*** Begin section ***

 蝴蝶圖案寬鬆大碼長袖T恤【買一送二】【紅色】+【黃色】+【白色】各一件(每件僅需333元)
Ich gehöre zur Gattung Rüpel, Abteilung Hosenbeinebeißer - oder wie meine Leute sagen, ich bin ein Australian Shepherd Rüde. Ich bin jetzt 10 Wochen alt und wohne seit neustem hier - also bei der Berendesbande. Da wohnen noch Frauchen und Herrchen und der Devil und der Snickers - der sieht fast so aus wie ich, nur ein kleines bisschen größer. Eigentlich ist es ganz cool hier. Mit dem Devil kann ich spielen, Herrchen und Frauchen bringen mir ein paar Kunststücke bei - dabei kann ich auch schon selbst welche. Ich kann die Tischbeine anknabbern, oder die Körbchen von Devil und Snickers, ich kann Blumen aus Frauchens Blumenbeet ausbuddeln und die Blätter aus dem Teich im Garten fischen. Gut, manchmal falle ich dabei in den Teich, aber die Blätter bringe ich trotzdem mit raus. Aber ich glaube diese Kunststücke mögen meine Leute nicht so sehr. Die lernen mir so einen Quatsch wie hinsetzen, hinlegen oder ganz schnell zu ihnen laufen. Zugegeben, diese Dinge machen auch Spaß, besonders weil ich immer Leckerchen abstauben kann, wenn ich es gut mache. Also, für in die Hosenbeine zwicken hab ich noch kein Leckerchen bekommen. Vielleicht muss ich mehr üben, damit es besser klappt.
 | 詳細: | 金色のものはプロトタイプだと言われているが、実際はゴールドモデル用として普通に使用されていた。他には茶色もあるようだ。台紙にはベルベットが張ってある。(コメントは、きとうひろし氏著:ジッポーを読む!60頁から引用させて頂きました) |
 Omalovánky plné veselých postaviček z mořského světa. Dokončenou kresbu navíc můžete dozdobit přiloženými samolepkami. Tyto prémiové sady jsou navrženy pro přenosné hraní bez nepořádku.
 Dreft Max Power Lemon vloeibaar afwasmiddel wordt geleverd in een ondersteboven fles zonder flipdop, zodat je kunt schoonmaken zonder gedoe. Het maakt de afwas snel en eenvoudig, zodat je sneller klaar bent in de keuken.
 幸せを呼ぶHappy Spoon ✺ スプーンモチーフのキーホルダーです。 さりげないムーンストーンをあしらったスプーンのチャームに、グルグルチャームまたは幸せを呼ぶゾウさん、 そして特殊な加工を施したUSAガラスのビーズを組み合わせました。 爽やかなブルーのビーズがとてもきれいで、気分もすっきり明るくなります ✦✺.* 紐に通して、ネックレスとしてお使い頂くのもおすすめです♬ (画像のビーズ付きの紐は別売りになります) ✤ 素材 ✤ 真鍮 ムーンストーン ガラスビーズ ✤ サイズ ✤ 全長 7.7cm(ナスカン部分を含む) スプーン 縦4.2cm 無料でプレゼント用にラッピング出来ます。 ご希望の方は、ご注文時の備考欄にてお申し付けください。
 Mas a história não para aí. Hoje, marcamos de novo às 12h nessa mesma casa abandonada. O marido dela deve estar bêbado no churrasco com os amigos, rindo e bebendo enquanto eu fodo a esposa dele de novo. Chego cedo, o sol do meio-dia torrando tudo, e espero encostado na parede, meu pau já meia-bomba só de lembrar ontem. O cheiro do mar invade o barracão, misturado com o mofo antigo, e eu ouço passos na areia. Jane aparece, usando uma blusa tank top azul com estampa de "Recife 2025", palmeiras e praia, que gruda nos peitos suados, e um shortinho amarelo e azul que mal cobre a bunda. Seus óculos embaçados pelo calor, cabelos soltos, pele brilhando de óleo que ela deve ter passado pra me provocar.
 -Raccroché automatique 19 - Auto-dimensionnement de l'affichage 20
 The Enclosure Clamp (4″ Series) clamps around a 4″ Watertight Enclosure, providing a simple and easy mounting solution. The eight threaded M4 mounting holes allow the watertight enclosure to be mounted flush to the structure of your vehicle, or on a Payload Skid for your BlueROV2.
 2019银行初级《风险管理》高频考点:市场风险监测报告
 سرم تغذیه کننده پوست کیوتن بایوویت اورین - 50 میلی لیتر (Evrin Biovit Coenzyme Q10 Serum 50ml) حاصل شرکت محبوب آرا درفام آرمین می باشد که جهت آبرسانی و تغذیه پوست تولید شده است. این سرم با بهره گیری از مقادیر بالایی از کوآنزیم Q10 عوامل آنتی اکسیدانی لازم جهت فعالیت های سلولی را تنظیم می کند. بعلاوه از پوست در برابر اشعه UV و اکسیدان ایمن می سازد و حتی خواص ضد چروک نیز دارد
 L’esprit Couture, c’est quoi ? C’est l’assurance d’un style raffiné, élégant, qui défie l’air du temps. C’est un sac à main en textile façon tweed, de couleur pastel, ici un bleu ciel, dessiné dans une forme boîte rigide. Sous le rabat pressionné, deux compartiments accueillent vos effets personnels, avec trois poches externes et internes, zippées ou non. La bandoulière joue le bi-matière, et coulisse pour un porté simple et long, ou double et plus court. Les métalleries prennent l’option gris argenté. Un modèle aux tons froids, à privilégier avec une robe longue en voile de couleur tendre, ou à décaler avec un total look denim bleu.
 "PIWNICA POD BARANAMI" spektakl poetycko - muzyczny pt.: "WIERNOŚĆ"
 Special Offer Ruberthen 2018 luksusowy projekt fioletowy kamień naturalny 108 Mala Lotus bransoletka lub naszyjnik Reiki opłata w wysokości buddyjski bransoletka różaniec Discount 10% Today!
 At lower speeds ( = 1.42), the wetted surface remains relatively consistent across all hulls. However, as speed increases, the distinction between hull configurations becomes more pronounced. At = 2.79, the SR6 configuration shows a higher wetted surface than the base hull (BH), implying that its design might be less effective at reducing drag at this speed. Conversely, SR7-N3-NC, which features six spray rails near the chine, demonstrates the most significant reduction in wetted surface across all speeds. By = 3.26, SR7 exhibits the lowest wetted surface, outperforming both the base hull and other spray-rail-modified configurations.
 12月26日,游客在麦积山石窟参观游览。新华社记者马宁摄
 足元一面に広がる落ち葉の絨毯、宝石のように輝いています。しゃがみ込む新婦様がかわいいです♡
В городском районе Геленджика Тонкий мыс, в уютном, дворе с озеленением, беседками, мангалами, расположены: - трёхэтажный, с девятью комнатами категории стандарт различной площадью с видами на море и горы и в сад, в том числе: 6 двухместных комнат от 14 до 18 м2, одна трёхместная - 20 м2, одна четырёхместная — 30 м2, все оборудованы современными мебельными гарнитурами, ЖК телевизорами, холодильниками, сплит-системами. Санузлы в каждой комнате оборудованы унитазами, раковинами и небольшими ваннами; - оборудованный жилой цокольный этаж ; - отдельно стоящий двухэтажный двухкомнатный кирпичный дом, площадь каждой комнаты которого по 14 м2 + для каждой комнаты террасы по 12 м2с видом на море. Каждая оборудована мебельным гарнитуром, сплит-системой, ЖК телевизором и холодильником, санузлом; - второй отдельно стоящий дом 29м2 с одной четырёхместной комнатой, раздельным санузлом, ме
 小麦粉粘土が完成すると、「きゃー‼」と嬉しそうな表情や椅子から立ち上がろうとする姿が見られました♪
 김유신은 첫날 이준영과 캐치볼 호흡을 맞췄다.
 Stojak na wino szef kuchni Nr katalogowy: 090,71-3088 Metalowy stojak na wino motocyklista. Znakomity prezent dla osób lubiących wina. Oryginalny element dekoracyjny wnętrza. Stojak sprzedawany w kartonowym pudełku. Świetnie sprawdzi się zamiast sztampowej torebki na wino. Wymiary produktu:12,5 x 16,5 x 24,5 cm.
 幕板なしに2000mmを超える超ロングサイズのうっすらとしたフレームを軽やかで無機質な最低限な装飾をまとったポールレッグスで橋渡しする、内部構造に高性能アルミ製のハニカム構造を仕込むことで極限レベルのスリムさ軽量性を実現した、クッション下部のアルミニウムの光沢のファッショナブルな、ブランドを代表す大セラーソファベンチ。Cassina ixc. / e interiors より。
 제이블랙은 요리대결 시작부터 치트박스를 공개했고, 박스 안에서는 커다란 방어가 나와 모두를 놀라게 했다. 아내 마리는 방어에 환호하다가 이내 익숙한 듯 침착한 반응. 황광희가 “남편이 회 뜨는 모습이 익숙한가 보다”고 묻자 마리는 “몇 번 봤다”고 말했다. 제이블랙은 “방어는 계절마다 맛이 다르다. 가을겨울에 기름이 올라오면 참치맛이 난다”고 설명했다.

*** End section ***

_EXERCISE AIM:_
Each line above from the one with "Mas a história" up to and including the one with "poetycko - muzyczny" must be set down exactly, and no line outside that span may appear.

_ANSWER AREA:_
 Mas a história não para aí. Hoje, marcamos de novo às 12h nessa mesma casa abandonada. O marido dela deve estar bêbado no churrasco com os amigos, rindo e bebendo enquanto eu fodo a esposa dele de novo. Chego cedo, o sol do meio-dia torrando tudo, e espero encostado na parede, meu pau já meia-bomba só de lembrar ontem. O cheiro do mar invade o barracão, misturado com o mofo antigo, e eu ouço passos na areia. Jane aparece, usando uma blusa tank top azul com estampa de "Recife 2025", palmeiras e praia, que gruda nos peitos suados, e um shortinho amarelo e azul que mal cobre a bunda. Seus óculos embaçados pelo calor, cabelos soltos, pele brilhando de óleo que ela deve ter passado pra me provocar.
 -Raccroché automatique 19 - Auto-dimensionnement de l'affichage 20
 The Enclosure Clamp (4″ Series) clamps around a 4″ Watertight Enclosure, providing a simple and easy mounting solution. The eight threaded M4 mounting holes allow the watertight enclosure to be mounted flush to the structure of your vehicle, or on a Payload Skid for your BlueROV2.
 2019银行初级《风险管理》高频考点:市场风险监测报告
 سرم تغذیه کننده پوست کیوتن بایوویت اورین - 50 میلی لیتر (Evrin Biovit Coenzyme Q10 Serum 50ml) حاصل شرکت محبوب آرا درفام آرمین می باشد که جهت آبرسانی و تغذیه پوست تولید شده است. این سرم با بهره گیری از مقادیر بالایی از کوآنزیم Q10 عوامل آنتی اکسیدانی لازم جهت فعالیت های سلولی را تنظیم می کند. بعلاوه از پوست در برابر اشعه UV و اکسیدان ایمن می سازد و حتی خواص ضد چروک نیز دارد
 L’esprit Couture, c’est quoi ? C’est l’assurance d’un style raffiné, élégant, qui défie l’air du temps. C’est un sac à main en textile façon tweed, de couleur pastel, ici un bleu ciel, dessiné dans une forme boîte rigide. Sous le rabat pressionné, deux compartiments accueillent vos effets personnels, avec trois poches externes et internes, zippées ou non. La bandoulière joue le bi-matière, et coulisse pour un porté simple et long, ou double et plus court. Les métalleries prennent l’option gris argenté. Un modèle aux tons froids, à privilégier avec une robe longue en voile de couleur tendre, ou à décaler avec un total look denim bleu.
 "PIWNICA POD BARANAMI" spektakl poetycko - muzyczny pt.: "WIERNOŚĆ"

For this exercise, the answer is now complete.